▶ [EXERCISE AIM]: Word for word, restate the listing that follows and leave out the images.

▶ [INPUT RECORDS]:
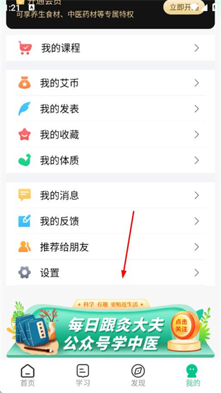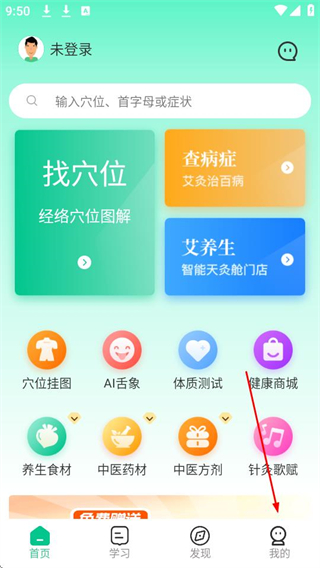 1、打開灸大夫app,進(jìn)入首頁(yè),點(diǎn)擊底部導(dǎo)航欄中的我的選項(xiàng)。
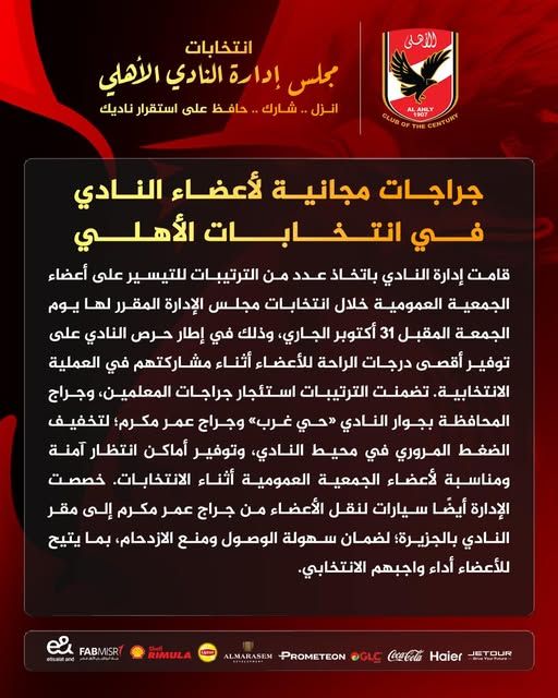 قامت إدارة النادي الأهلي باتخاذ عدد من الترتيبات للتيسير على أعضاء الجمعية العمومية خلال انتخابات مجلس الإدارة المقرر لها يوم الجمعة المقبل 31 أكتوبر الجاري، وذلك في إطار حرص النادي على توفير أقصى درجات الراحة للأعضاء أثناء مشاركتهم في العملية الانتخابية.
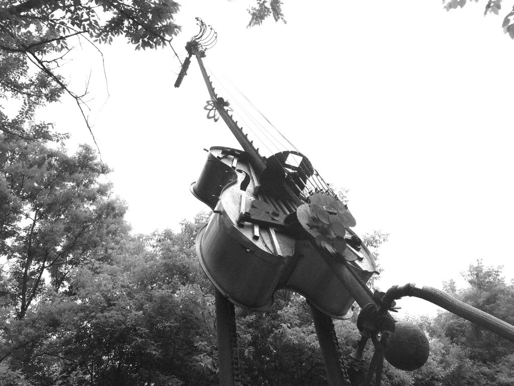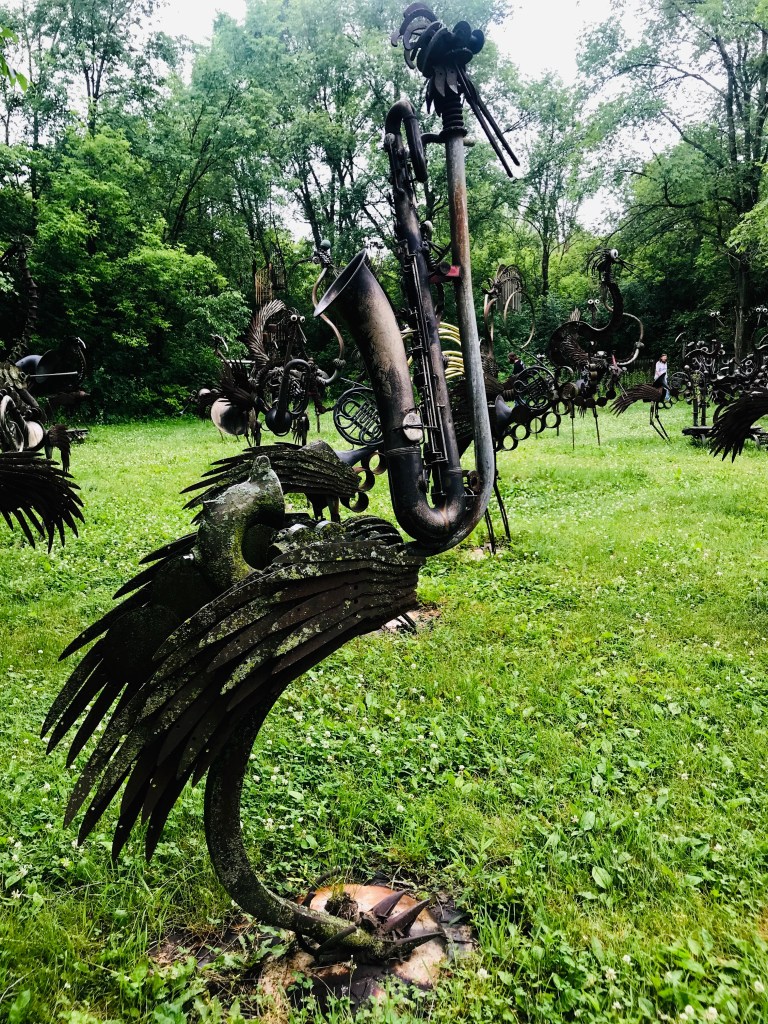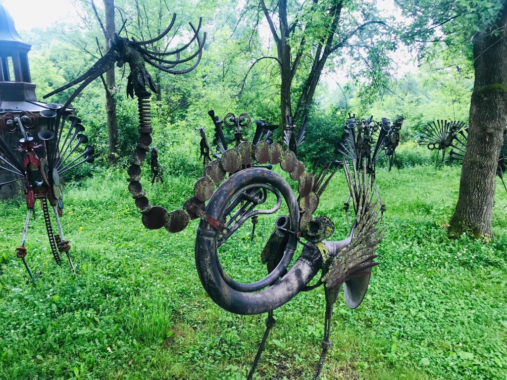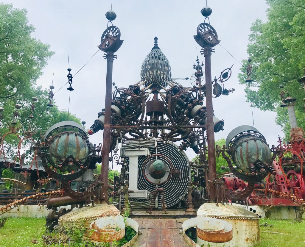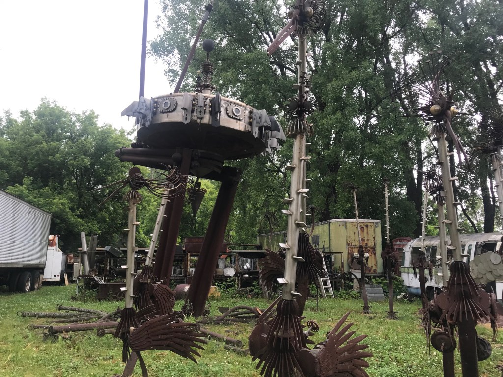 The only blueprint was in the mind of the now resting in slumber. A wild-eyed Doc Brown: Dr. Evermor, an outsider with a lot of whimsy and even more industrial scrap metal. Two 1880s Edison dynamos and lighting rods accentuate the piece above the seventy-member Bird Band Orchestra, The Epicurean, and gigantic insects like Juicer Bug and Arachna Artie.
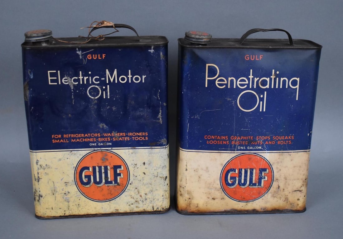 Acme Refining Corp. & Pioneer Oil Co. East Lube and Road King 2 Gal. Motor Oil CansMar 16, 2026Group of Two Delco Motor Oil Metal Cans 5 Gallon and Half GallonMar 21, 2026Gulf Supreme Motor Oil CansMar 20, 2026Gulflube H.D. Motor Oil CansMar 20, 2026Gulflube H.D. and Gulf Supreme Motor Oil CansMar 20, 2026Group of 2 Gulf Saphire & A Penn 5 Quart & 2 Gallon Oil Cans5 days LeftGroup of 2 Gulf Sapphire Two Gallon Oil CansMar 08, 2026Group of 3 Gulf Charcoal Lighter Fluid, and Valve Oil CansMar 08, 2026Group of 5 Gulf One Quart Composite Oil CansMar 08, 2026Group of 2 Sunoco Mercury Made Two Gallon Oil CansMar 08, 2026Gulf Five Gallon Metal Oil CanMar 08, 2026Group of 3 Gulf Valve Oil & Lighter Fluid Cans5 days LeftGroup of 2 Silver Shell Two Gallon Oil CansMar 08, 2026Group of 2 Mobiloil One Quart Metal and Aluminum Oil CansMar 08, 2026Case of Gulflube H-D Motor Oil Quart Cans w/ BoxMar 20, 2026Group of 2 Esso and Unexcelled One Quart Metal and Aluminum Oil CansMar 08, 2026
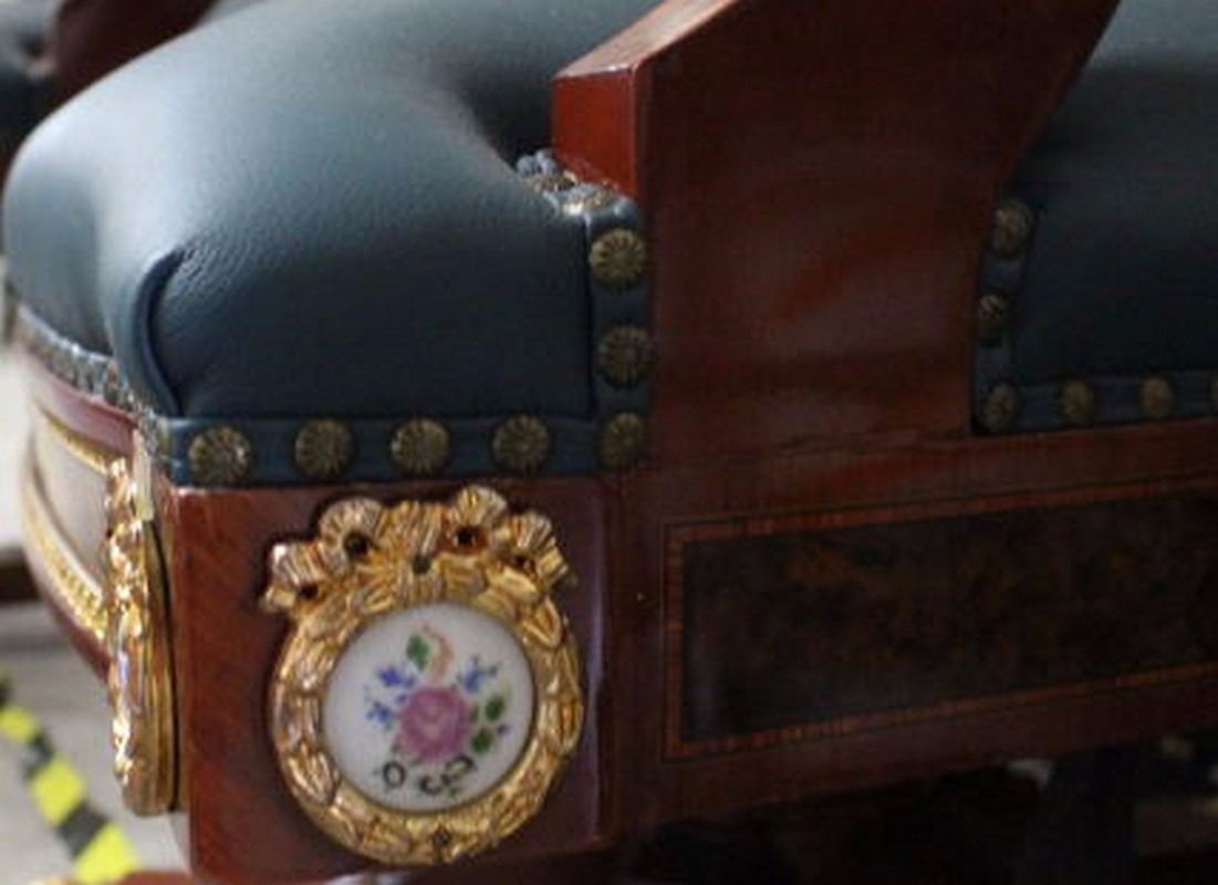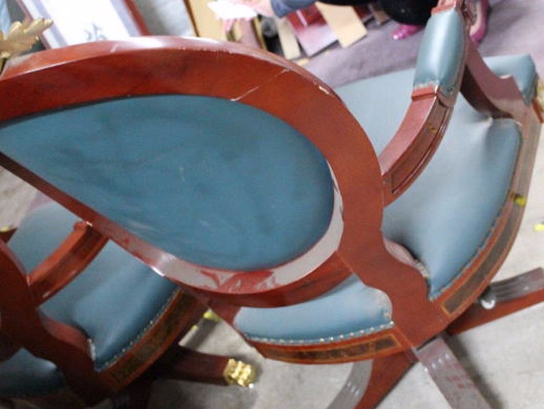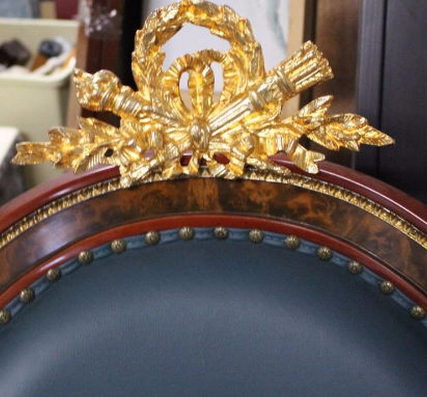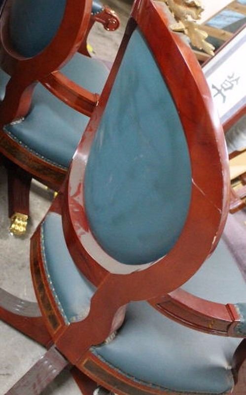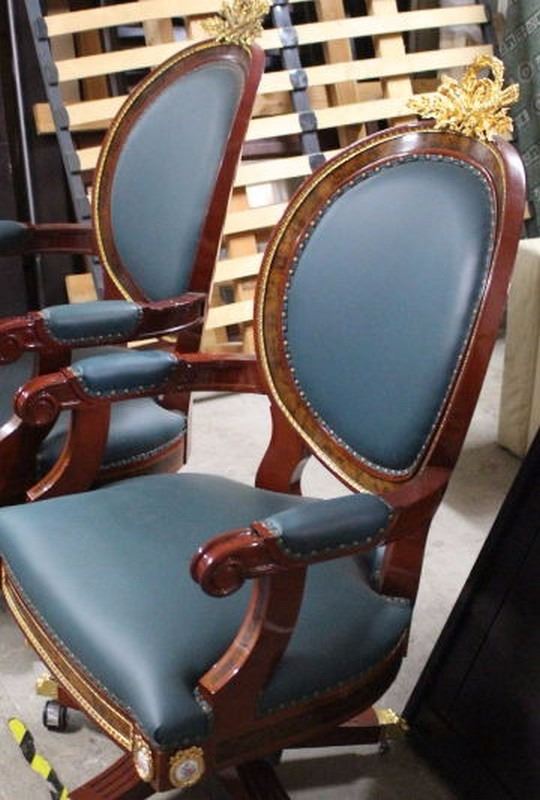 Pair of Fine Imperial Execuitve Chairs (Gilted, Leather, Mahoganny & Porcelain Finishings) Fine Reproductions. 60"X30"CHAIR/28"X24" SEAT each chair
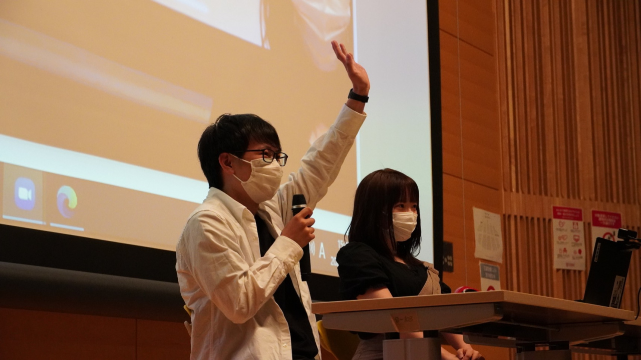 また、先輩からの体験談を聞く場が設けられ、コミュニティマネジメント学科4回生の山田 梨央さんとコミュニティマネジメント学科3回生の福留 大陽さんに登壇いただきました。
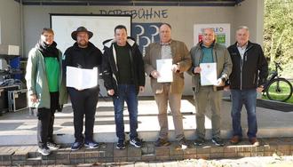 Das Kreistagsmitglied Rolf Klein (2.v.l.) und das Gemeinderatsmitglied Wilbert Hilt (3.v.r.) wurden zum Beauftragten des Bürgermeisters für Naturschutz bestellt, sowie das Gemeinderatsmitglied Alexander Raphael (2.v.r) zum Beauftragten des Bürgermeisters für Klimaschutz. Ebenfalls auf dem Bild die Organisatorin und Kliks Partin Kiki und Bürgermeister Joshua Pawlak mit seinem Stellvertreter Patrik Salzgeber
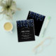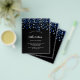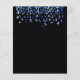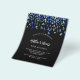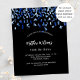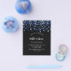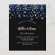 A modern, elegant and invitation. A black background decorated with blue confetti. Personalise and add a name and details. White text.
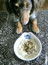 ・ドッグフードや手作り食を20%減らし、その分量(20%)を加えて与えて下さい。
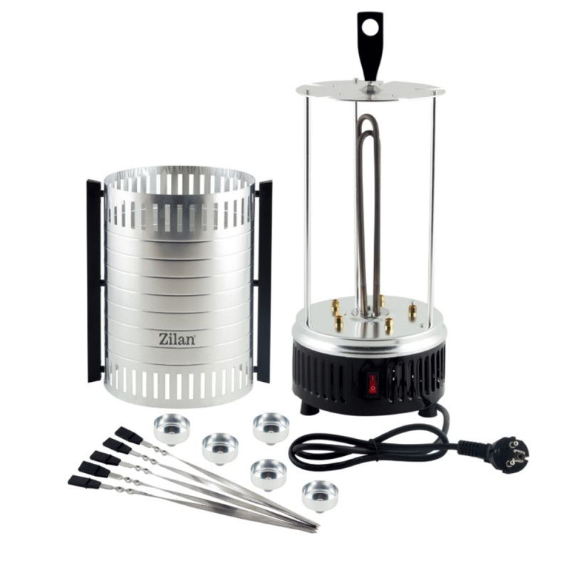 Вертикално барбекю Zilan ZLN5565, 900W, 5 шиша, Керамичен нагревател, Инокс/Черен
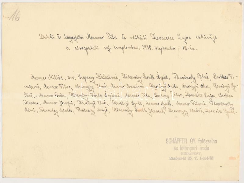 1938 Deteki és tengerfalvi Menczer Zita és rétháti Kovacsics Lajos esküvője Schäffer fotó, hátoldalt a díszes vendégsereg felsorolásával
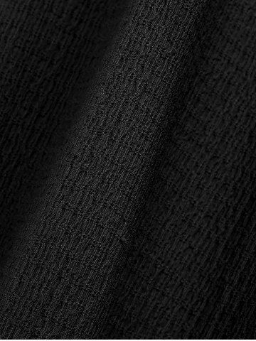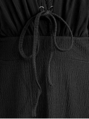 Plus Size Ruched Lace Up Mesh Bell Sleeves Textured Split Dress - Negro - Negro
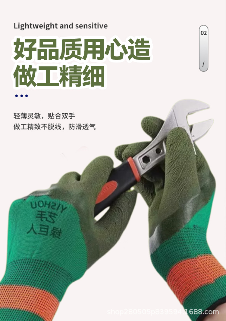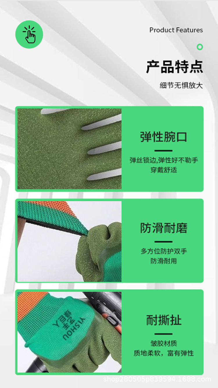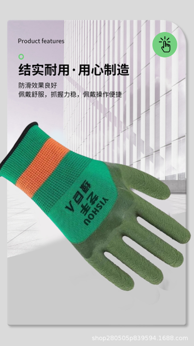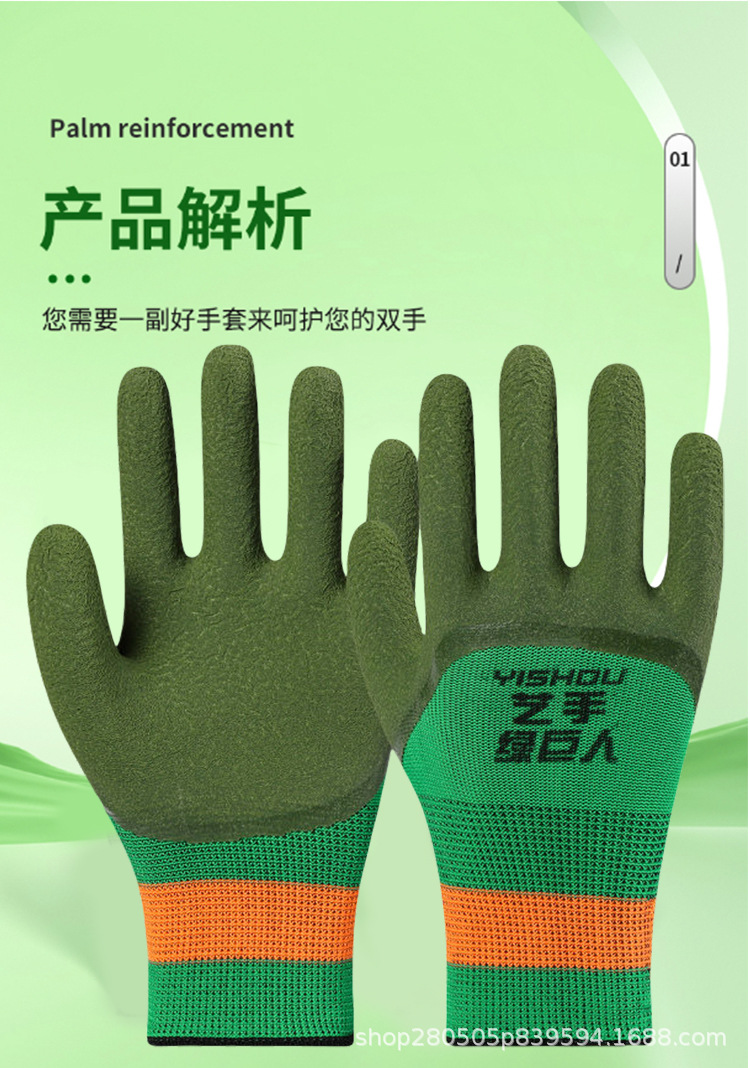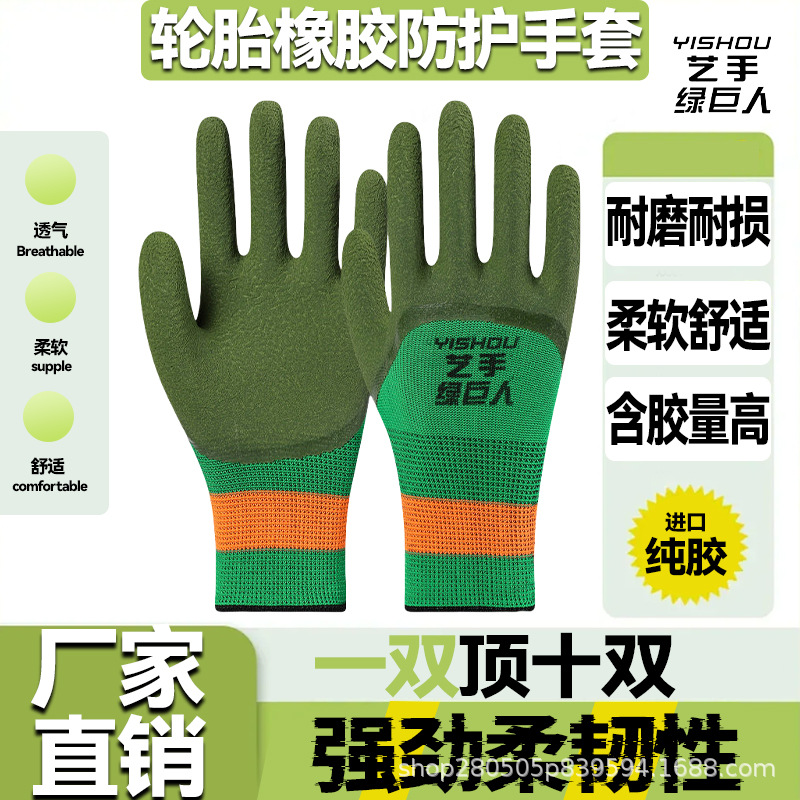 아티스트 그린 히어로 안전 장갑 작업용 내마모성 산업단지 고무 미끄럼 방지 통기성 편안함 제조업체 도매 보호스토어 가기

▶ [EXERCISE OUTPUT]:
 1、打開灸大夫app,進(jìn)入首頁(yè),點(diǎn)擊底部導(dǎo)航欄中的我的選項(xiàng)。
 قامت إدارة النادي الأهلي باتخاذ عدد من الترتيبات للتيسير على أعضاء الجمعية العمومية خلال انتخابات مجلس الإدارة المقرر لها يوم الجمعة المقبل 31 أكتوبر الجاري، وذلك في إطار حرص النادي على توفير أقصى درجات الراحة للأعضاء أثناء مشاركتهم في العملية الانتخابية.
 The only blueprint was in the mind of the now resting in slumber. A wild-eyed Doc Brown: Dr. Evermor, an outsider with a lot of whimsy and even more industrial scrap metal. Two 1880s Edison dynamos and lighting rods accentuate the piece above the seventy-member Bird Band Orchestra, The Epicurean, and gigantic insects like Juicer Bug and Arachna Artie.
 Acme Refining Corp. & Pioneer Oil Co. East Lube and Road King 2 Gal. Motor Oil CansMar 16, 2026Group of Two Delco Motor Oil Metal Cans 5 Gallon and Half GallonMar 21, 2026Gulf Supreme Motor Oil CansMar 20, 2026Gulflube H.D. Motor Oil CansMar 20, 2026Gulflube H.D. and Gulf Supreme Motor Oil CansMar 20, 2026Group of 2 Gulf Saphire & A Penn 5 Quart & 2 Gallon Oil Cans5 days LeftGroup of 2 Gulf Sapphire Two Gallon Oil CansMar 08, 2026Group of 3 Gulf Charcoal Lighter Fluid, and Valve Oil CansMar 08, 2026Group of 5 Gulf One Quart Composite Oil CansMar 08, 2026Group of 2 Sunoco Mercury Made Two Gallon Oil CansMar 08, 2026Gulf Five Gallon Metal Oil CanMar 08, 2026Group of 3 Gulf Valve Oil & Lighter Fluid Cans5 days LeftGroup of 2 Silver Shell Two Gallon Oil CansMar 08, 2026Group of 2 Mobiloil One Quart Metal and Aluminum Oil CansMar 08, 2026Case of Gulflube H-D Motor Oil Quart Cans w/ BoxMar 20, 2026Group of 2 Esso and Unexcelled One Quart Metal and Aluminum Oil CansMar 08, 2026
 Pair of Fine Imperial Execuitve Chairs (Gilted, Leather, Mahoganny & Porcelain Finishings) Fine Reproductions. 60"X30"CHAIR/28"X24" SEAT each chair
 また、先輩からの体験談を聞く場が設けられ、コミュニティマネジメント学科4回生の山田 梨央さんとコミュニティマネジメント学科3回生の福留 大陽さんに登壇いただきました。
 Das Kreistagsmitglied Rolf Klein (2.v.l.) und das Gemeinderatsmitglied Wilbert Hilt (3.v.r.) wurden zum Beauftragten des Bürgermeisters für Naturschutz bestellt, sowie das Gemeinderatsmitglied Alexander Raphael (2.v.r) zum Beauftragten des Bürgermeisters für Klimaschutz. Ebenfalls auf dem Bild die Organisatorin und Kliks Partin Kiki und Bürgermeister Joshua Pawlak mit seinem Stellvertreter Patrik Salzgeber
 A modern, elegant and invitation. A black background decorated with blue confetti. Personalise and add a name and details. White text.
 ・ドッグフードや手作り食を20%減らし、その分量(20%)を加えて与えて下さい。
 Вертикално барбекю Zilan ZLN5565, 900W, 5 шиша, Керамичен нагревател, Инокс/Черен
 1938 Deteki és tengerfalvi Menczer Zita és rétháti Kovacsics Lajos esküvője Schäffer fotó, hátoldalt a díszes vendégsereg felsorolásával
 Plus Size Ruched Lace Up Mesh Bell Sleeves Textured Split Dress - Negro - Negro
 아티스트 그린 히어로 안전 장갑 작업용 내마모성 산업단지 고무 미끄럼 방지 통기성 편안함 제조업체 도매 보호스토어 가기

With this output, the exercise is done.